The Storyteller looked down again at the toad, which had started shrieking again.  The shrill tones rang around the clearing as if trying to get out into the woods beyond.

 

“B..b...b…but why?” whispered Bob as he turned to the young girl.

 

She took her hands from her face.  Instead of the young beautiful face he expected to see, Bob saw a haggard wrinkled old woman, her teeth rotting and covered in mildew, her eyes were set right back into her skull and shone with a blood-red light which fell onto her pock-marked cheeks and highlighted the coarse black bristles which sprouted from the moles on her hooked and beaky nose.

 

“Well he is no good to me now – I’ve sucked all I can from him – his youth and his looks.

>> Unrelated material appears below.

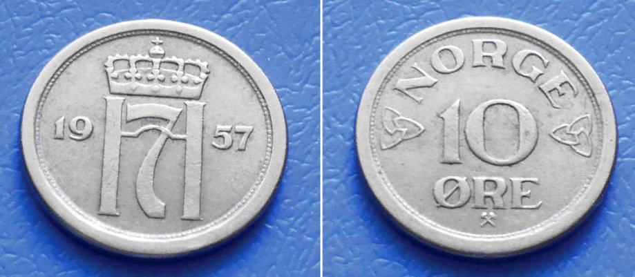 NORVEŠKA NORGE 10 ORE 1957 KM. 396 - HAAKON VII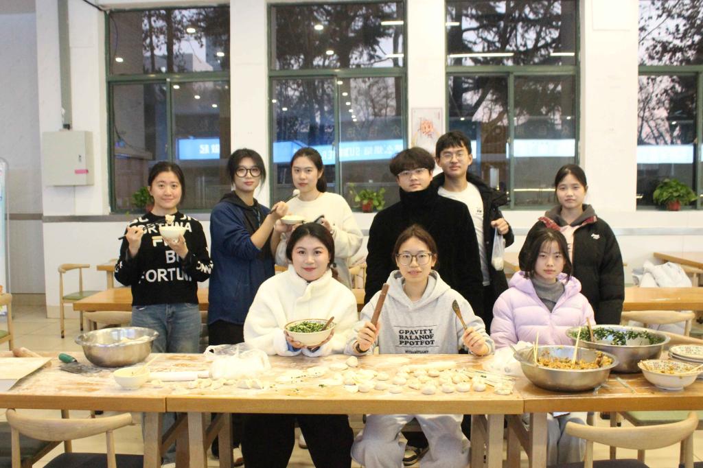 包饺子活动现场一派暖意盎然,大家围在桌前挽起袖子,分工协作。熟练的同学手法娴熟,取皮、填馅、捏褶一气呵成,包出的饺子饱满挺立;初次尝试的同学则细心观摩,从捏合边缘开始学起,在同伴的指点下逐渐掌握技巧,从略显生疏到渐入佳境,形态各异的饺子承载着欢乐与祥和,在互动协作中把冬至的热闹,揉进了每一个动作里,每一个饺子,都藏着独属于冬至的心意。

These made me the beautiful woman you see before you and so……well there you have it!” the chill of her voice slicing into their brains.

 

She turned to Bob and started looking him up and down, her blood-red eyes lit up and her greenish tongue licked her cracked and crusty lips.

 

The Storyteller realised that she was turning her attention to Bob and stepped between them.

 

“Take a look at yourself!” he shouted and thrust the broken mirror he had found right in front of her face just as she was lunging past him to grab  the young boy.

 

Well, if the screams from the toad had been terrifying, the screams from the old woman, as she looked in the mirror, made the trees creak with fear and loathing, the grass around her shrivelled to a sickly yellow, the air seemed as if it was on fire and birds flew screeching into the sky like some devilish fireworks.

 

She whirled this way and that, in rage and fury, her face twisting and twitching to the beat of her screams.

 

The Storyteller snatched up the toad, grabbed Bob by the arm and ran as fast as he could out of the clearing.

 

Those foul noises followed them all the way out of the wood until, by the main road, they were blown across by an enormous explosion.  Silence.  No birds, no rustlings – pure silence.

 

Bob sat up first and stared in horror at the Storyteller.  Then he looked down at himself and was very nearly sick on the spot.  They were both covered in bits of mouldering flesh, hair and bone.

 

The Storyteller stood, pulled Bob to his feet and they made their way down the lane, past the cats, still frozen in the same spot, and, without stopping to take breath, through the overgrown garden into the cramped and tattered cottage.

 


Chapter Four

 

After a hot bath and a bowl of soup (the last tin left in the cupboard), Bob and the old man sat down in front of the fire.

 

They looked around contentedly at the cats who were stretched out sleepily in favourite places, and discussed how the Storyteller at last had a new tale to tell and how this would mean a brighter future .  The Storyteller was just starting to doze off happily when Bob jumped up.

 

“Where is the toad, old man?”

 

“Hmmm?  Toad did you say?  Hmm……toad……hmmmm……OH MY GOODNESS!   I meant to get him out of harm’s way before the cats came in….OH MY GOODNESS!!!”

 

They searched high and low, low and high for the toad but there was no sign of him.

 

If only they had looked more closely, they would have seen that the big tabby cat had an extra tongue glistening out of the side of his mouth - a long, lolling, orange extra tongue in fact (together with a small mustard coloured tonsil nestled snugly right under his chin)!

 

Well, no-one said you had to have a completely happy ending did they?